CONCLUSION
Mme Catherine Morin-Desailly, présidente du groupe d'études sur les médias et les nouvelles technologies
Je vous remercie de ces échanges complets et des pistes évoquées qui vont nourrir la réflexion de l'ensemble des sénateurs membres du groupe d'études sur les médias et les nouvelles technologies, rattaché à la commission de la culture, de l'éducation et de la communication. Nous avons toujours besoin de nous nourrir régulièrement des réflexions de ceux qui font l'audiovisuel et la création en France.

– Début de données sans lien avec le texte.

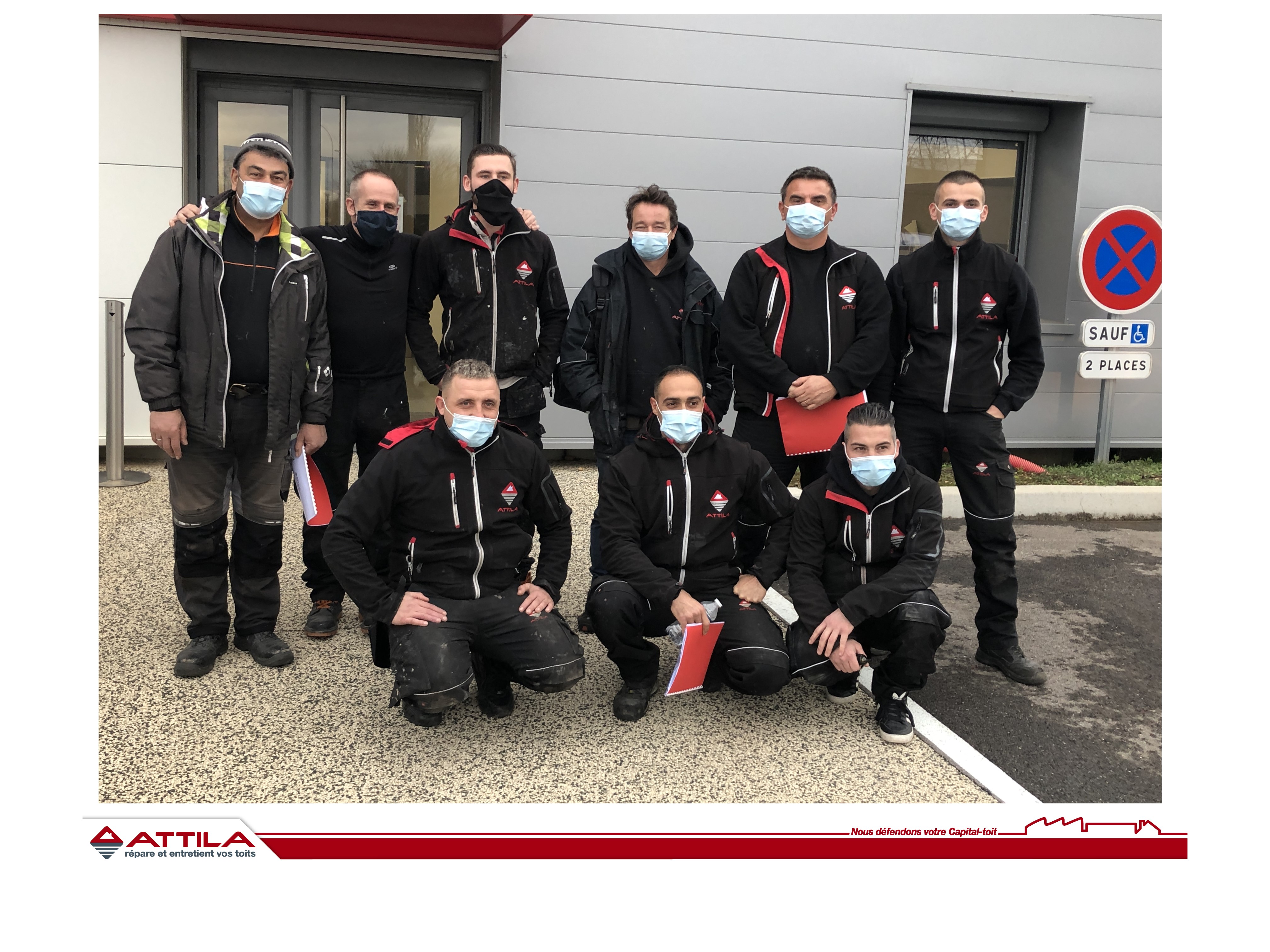 C’est pourquoi, l’ensemble des Techniciens de Toiture des agences ATTILA LYON SUD situées à Chassieu et à Grigny se sont rendus à une formation ATTILA sur le travail « sans la flamme » le 14 janvier dernier au centre de Formation du réseau. Les sujets comme la sécurité sont bien entendu abordés pour travailler sur le comportement de chacun lors des interventions, mais aussi l’apprentissage et la mise en application de procédés techniques pour appliquer par exemple la résine et la membrane d’étanchéité…à froid !

Nous pouvons peut-être retenir quelques idées des échanges que nous avons eus et, en tout cas, faire un certain nombre de constats :
- la révolution numérique dont nous ne savons pas où elle va s'arrêter - une innovation en chassant pratiquement tous les jours une autre - nous contraint à beaucoup d'adaptabilité et de réactivité. Son caractère est complexe. Vous l'avez tous souligné, vous avez employé à plusieurs reprises le mot « complexe ». C'est un facteur à prendre en compte. Nous constatons que les acteurs français ont été pionniers dans cette révolution avec la télévision de rattrapage dès 2007-2008. Cela veut dire que nous avons des capacités d'adaptation et d'inventivité sur ces questions ;
- j'ai retenu que les usages et la multiplication des supports ne se concurrencent pas mais, au contraire, se complètent et vous avez d'ailleurs développé des stratégies pour répondre à la demande de l'ensemble des téléspectateurs. On voit d'ailleurs que ces nouveaux supports offrent de nouvelles possibilités, favorisent de nouveaux comportements et permettent de nouveaux usages ;
- vous avez également tous souligné l'individualisation des comportements à cet égard. Nous notons aussi que l'offre française, qu'elle soit gratuite ou payante, linéarisée ou à la demande, est abondante et de grande qualité ;
- vous avez aussi souligné le problème du piratage très évolutif et très complexe.
Je note également qu'il y aura plusieurs défis pour l'avenir :
- comment peut-on préserver notre modèle de production qui demande des investissements importants avec l'arrivée d'acteurs à bas coût et surtout d'acteurs extra-européens qui ne s'acquittent pas des mêmes obligations que les acteurs français et européens et introduisent une concurrence déloyale ?
- la plupart de ces acteurs ont créé des services d'intermédiation quasi obligatoires et incontournables qui bouleversent complètement la chaîne de valeur et ces acteurs vont préempter la valeur ajoutée de ces nouveaux usages et de ces nouveaux services sans pour autant contribuer à l'effort de diversité culturelle. En conséquence, comment préserver la diversité culturelle ?
- comment relever le challenge technologique des logiciels de recommandation de programmes qui remettent aussi en question la notion d'éditeur ?
- comment assurer l'équité des règles de compétitivité et lutter contre les nouvelles formes de piratage ?
- enfin, comment assurer la pérennité des nouveaux modèles économiques qui ont émergé, encore une fois sous la pression d'acteurs extra-européens, dans le contexte d'une migration de la publicité sur d'autres supports et d'une publicité qui peut être évitée ?
Je retiens aussi un point qui n'a pas été développé : le fait qu'aujourd'hui, les données personnelles, le nouveau carburant de l'économie numérique en général, permet d'aller chercher de nouveaux clients, ou spectateurs, ou utilisateurs. C'est une question qui mérite d'être soulignée dans le monde très concurrentiel de l'hyper choix dans lequel nous vivons. Nous savons bien que cette question ne pourra être résolue qu'au niveau européen avec notamment l'adoption de dispositions législatives communes.
Enfin, la question de la régulation de l'Internet par le CSA reste quelque chose qui paraît assez utopique et d'une extrême complexité même si c'est une vraie question qui est posée.
N'hésitez pas à revenir vers nous s'il y a des points qui n'ont pas pu être évoqués lors de cette séance, transmettez-nous vos remarques complémentaires qui nous seront extrêmement utiles. Tout ceci a été enregistré et va faire l'objet d'une relecture attentive par notre groupe et par notre commission.